(Data entries)

= Beginning of Section =

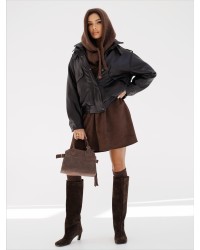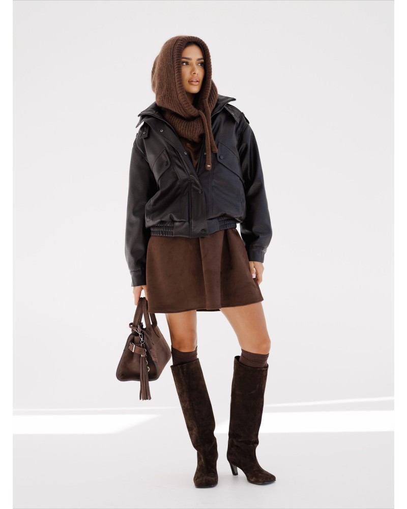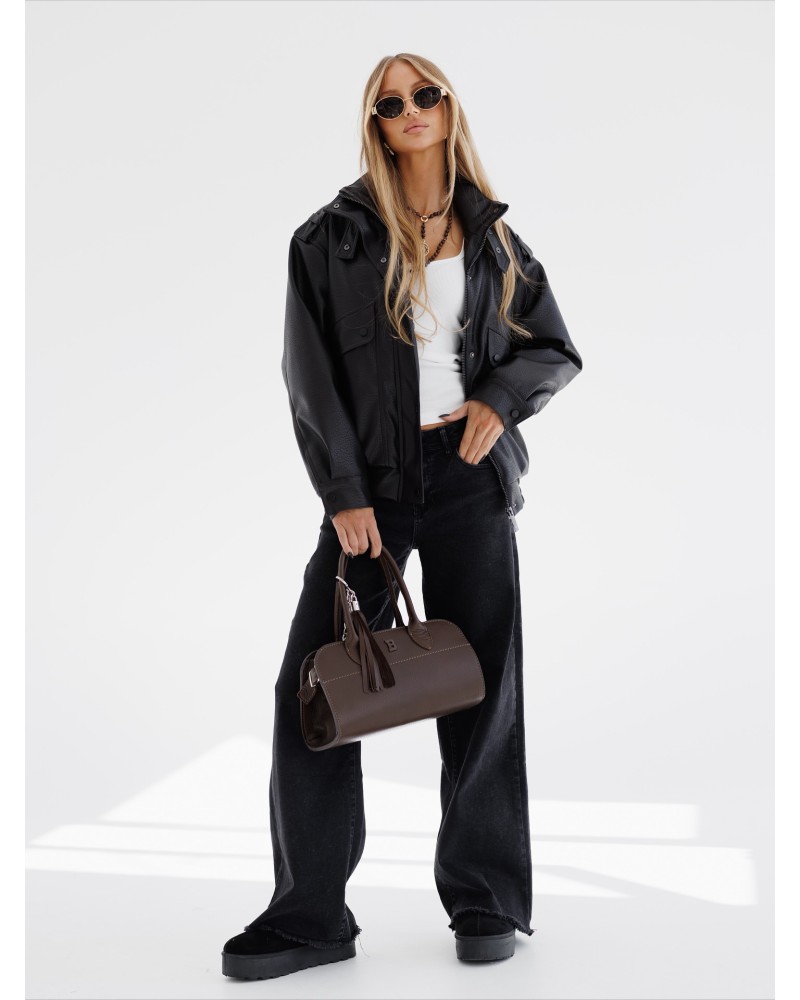 Stylowa kurtka o klasycznym kroju wykonana z wysokiej jakości materiału imitującego skórę. Wyposażona w praktyczne kieszenie i stójkę z zapięciem. Idealna propozycja dla miłośników ponadczasowych, eleganckich fasonów.
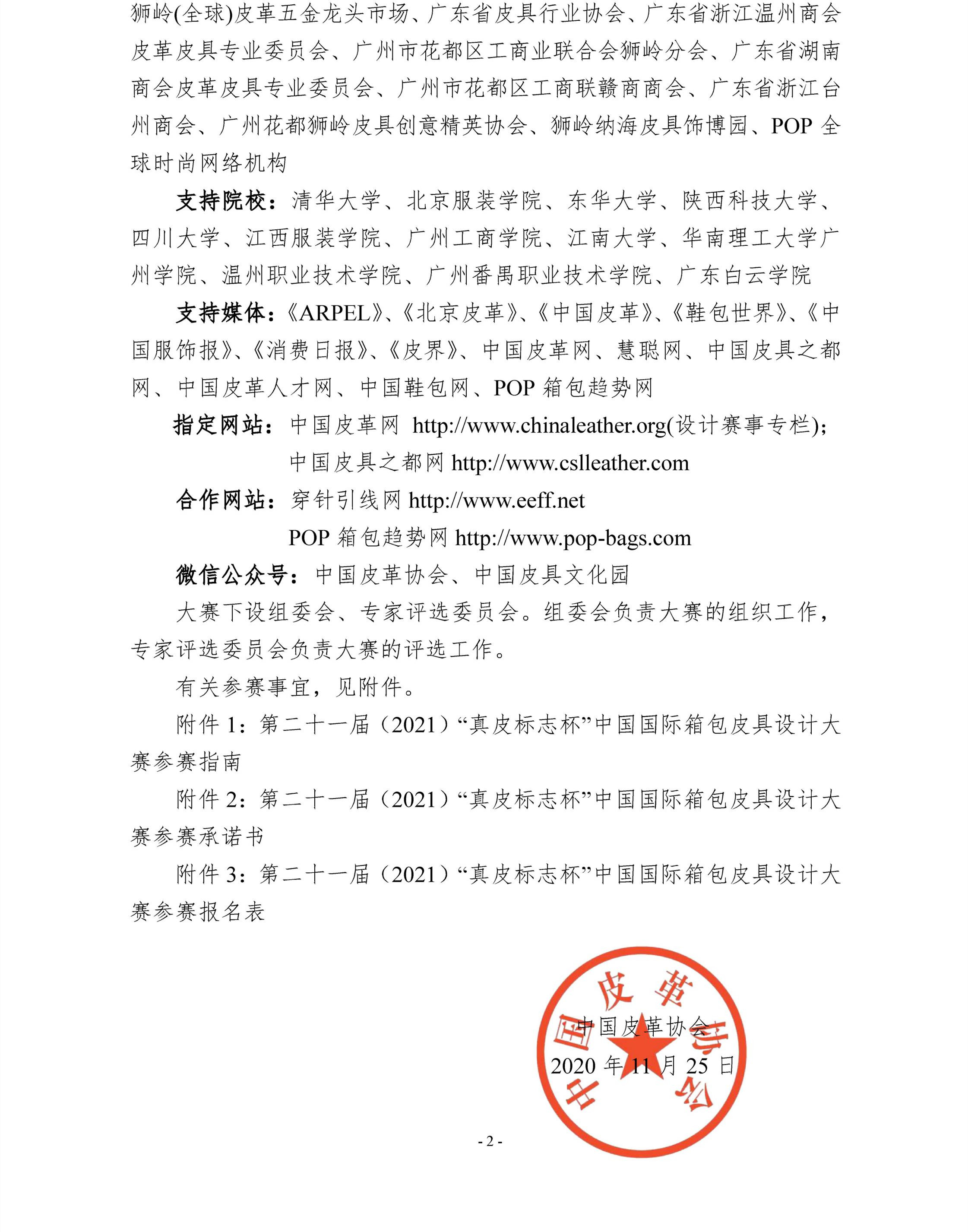 初賽和決賽評選結束后,大賽組委會將通過中國皮革網http://www.chinaleather.org,中國皮具之都網http://www.cslleather.com,大賽微信平臺中國皮革協會、中國皮具文化園公布評選結果,請參賽者留意查詢。
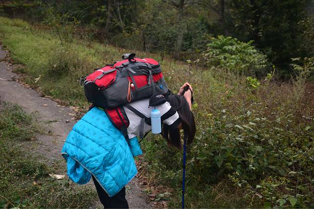 累了之后像这样把背包横着放在背上,真的减重一半啊
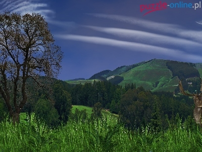Puzzle Jeleń, Wieczór, Polana, Góry
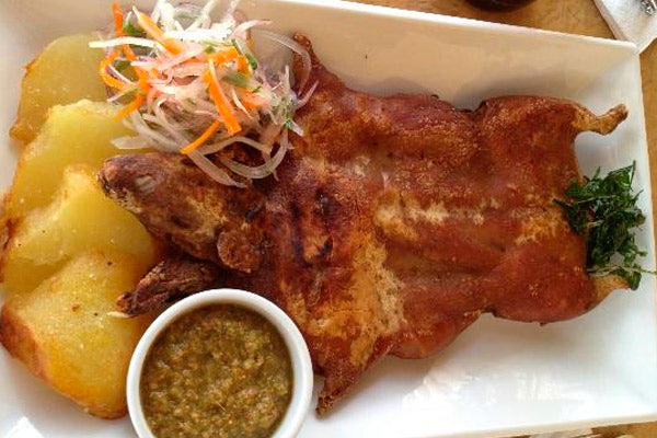 Plato tradicional en la cocina ecuatoriana, especialmente en la sierra. Se prepara asado o frito, sazonado con hierbas y especias, y se sirve con papas, maíz o mote. Su sabor es único, similar al conejo, y es valorado por su textura crujiente y jugosa.
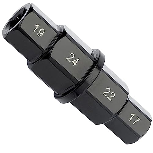 六角アクスルモーターサイクルツールは、17mm、19mm、22mm、24mmのソケットが付属し、フロントアクスルの分解に最適。バイク用の耐久性あるブラック仕上げで、扱いやすい設計。
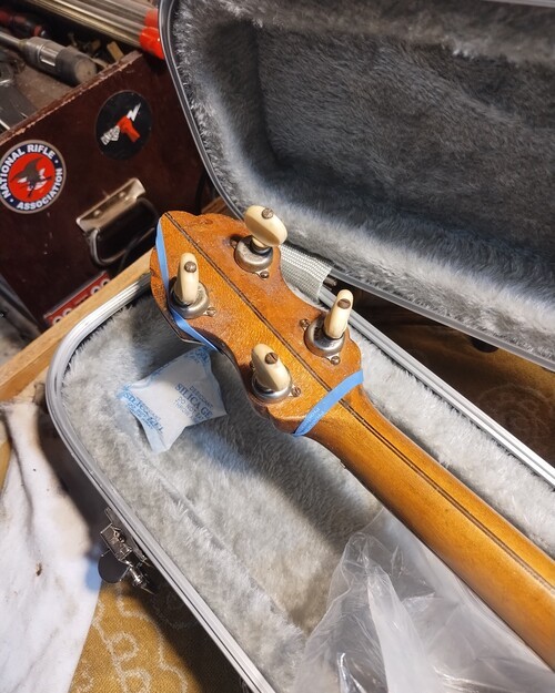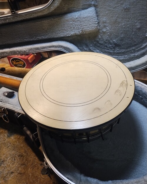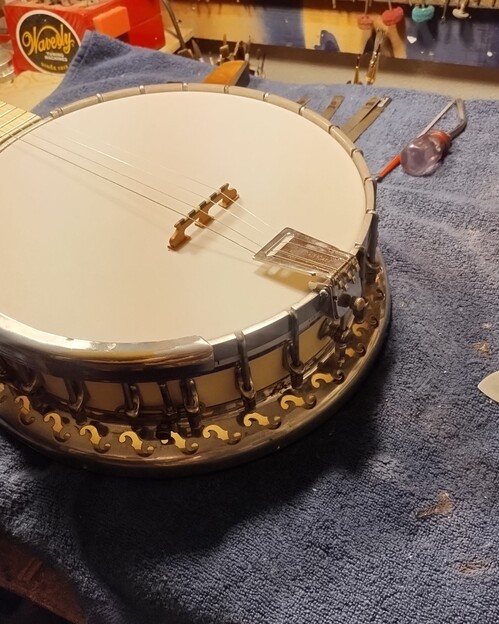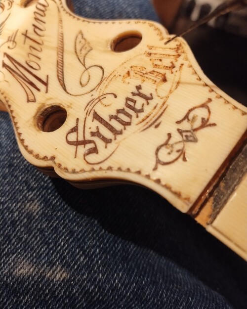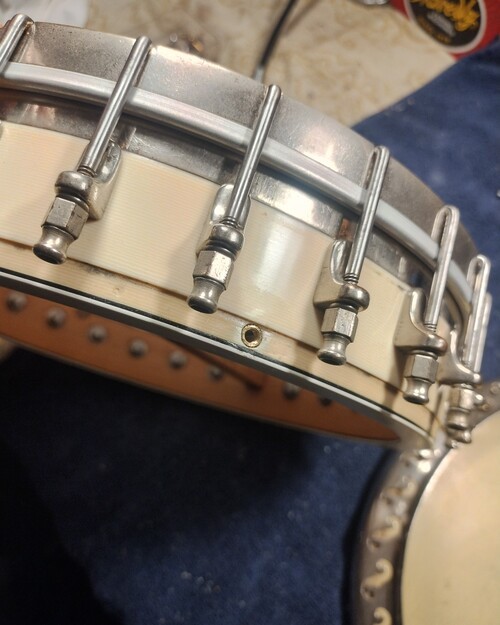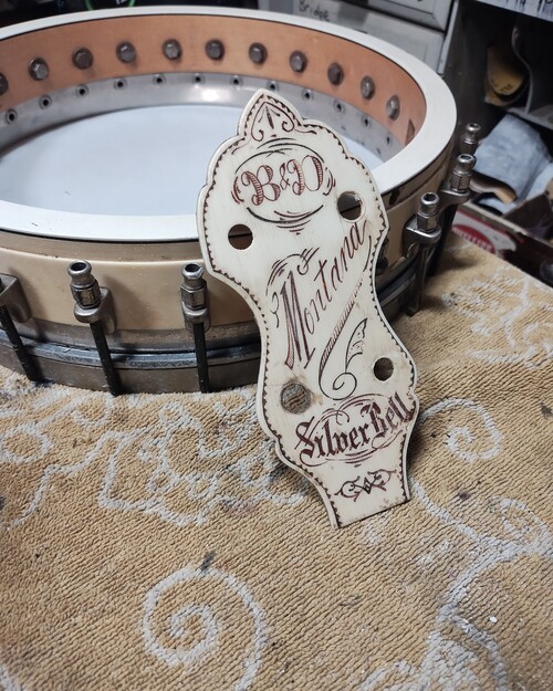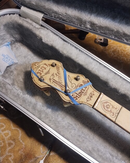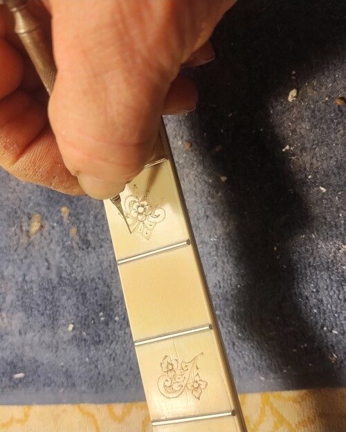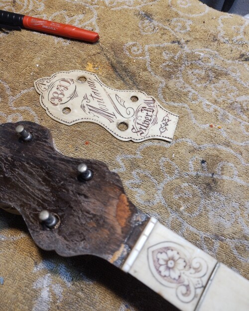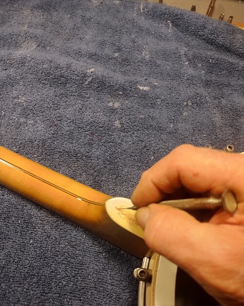 This is one of many banjos that I have worked on, with celluloid fingerboard and overlays that are shrinking from loss of moisture over the years, lifting, cupped, cracked, all the way to disintegrating.
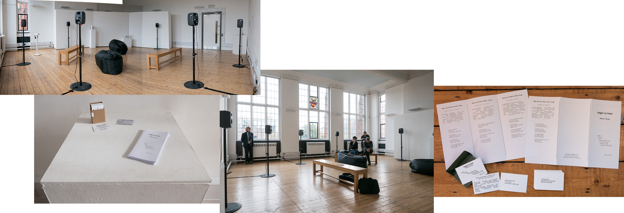 One set of four was arranged in a shallow arc, at the same height, on stands, and facing the other four speakers. These were set at different heights along a set of white floating walls using a mix of stands and plinths, forming a metaphorical cliff; the four cliff speakers played the field recordings made at the kittiwake colonies, the four facing them played the field recordings of my walking to and from the colonies.

= End of Section =

--- TO DO ---
Begin with the line that contains "Plato tradicional en" and repeat every line through the end of the data, exactly and only those lines, leaving out the pictures.

--- RESPONSE ---
 Plato tradicional en la cocina ecuatoriana, especialmente en la sierra. Se prepara asado o frito, sazonado con hierbas y especias, y se sirve con papas, maíz o mote. Su sabor es único, similar al conejo, y es valorado por su textura crujiente y jugosa.
 六角アクスルモーターサイクルツールは、17mm、19mm、22mm、24mmのソケットが付属し、フロントアクスルの分解に最適。バイク用の耐久性あるブラック仕上げで、扱いやすい設計。
 This is one of many banjos that I have worked on, with celluloid fingerboard and overlays that are shrinking from loss of moisture over the years, lifting, cupped, cracked, all the way to disintegrating.
 One set of four was arranged in a shallow arc, at the same height, on stands, and facing the other four speakers. These were set at different heights along a set of white floating walls using a mix of stands and plinths, forming a metaphorical cliff; the four cliff speakers played the field recordings made at the kittiwake colonies, the four facing them played the field recordings of my walking to and from the colonies.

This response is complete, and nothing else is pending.